Despite this translation happening for us automatically, it is still recommended to abandon the old iptables command syntax in favor of nftables. For complex rules, translation via the API may not work as expected, so we are better off interfacing directly with nftables through the nft command. Not only that, but the command syntax is easier, and rules are simpler to maintain.

In addition, iptables is liable to become completely deprecated in future releases, and this compatibility layer may cease to work or include needed functions. In short, transition is unavoidable and advantageous for system administrators.

Translating iptables to nftables

Complex rules that are written in iptables will undoubtedly need to be manually converted over nftables. However, for simpler rules, the iptables-translate command does a decent job at taking an iptables command as input and outputting the equivalent nft command. Here is an example that accepts all established and related connections:

$ iptables-translate -A INPUT -m conntrack --ctstate ESTABLISHED,RELATED -j ACCEPT
nft add rule ip filter INPUT ct state related,established counter accept

We specify the iptables command but use iptables-translate instead of iptables. The rest of the arguments are typical for iptables. Then, as output, we are given an nft command which directly translates to the same iptables rule.

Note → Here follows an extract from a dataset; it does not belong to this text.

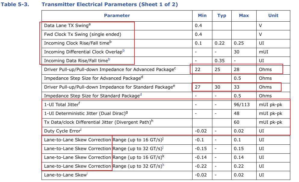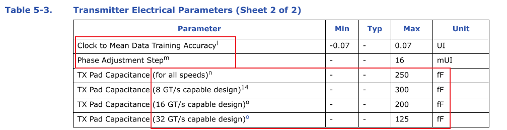 下图定义了TX摆幅,Slew rate,驱动阻抗,Jitter、SKew、寄生和Traning精度要求。

Here is another example which would drop incoming ICMP traffic:

$ iptables-translate -t mangle -A PREROUTING -p icmp -j DROP
nft add rule ip mangle PREROUTING ip protocol icmp counter drop

nftables vs. iptables: Making the Transition

In this section, we will operate with the assumption that the reader is a system administrator who is reasonably familiar with iptables, but knows nothing about nftables. This will serve as an introduction to get you familiar with nftables, while assuming that you have a bit of knowledge in iptables to aid in understanding.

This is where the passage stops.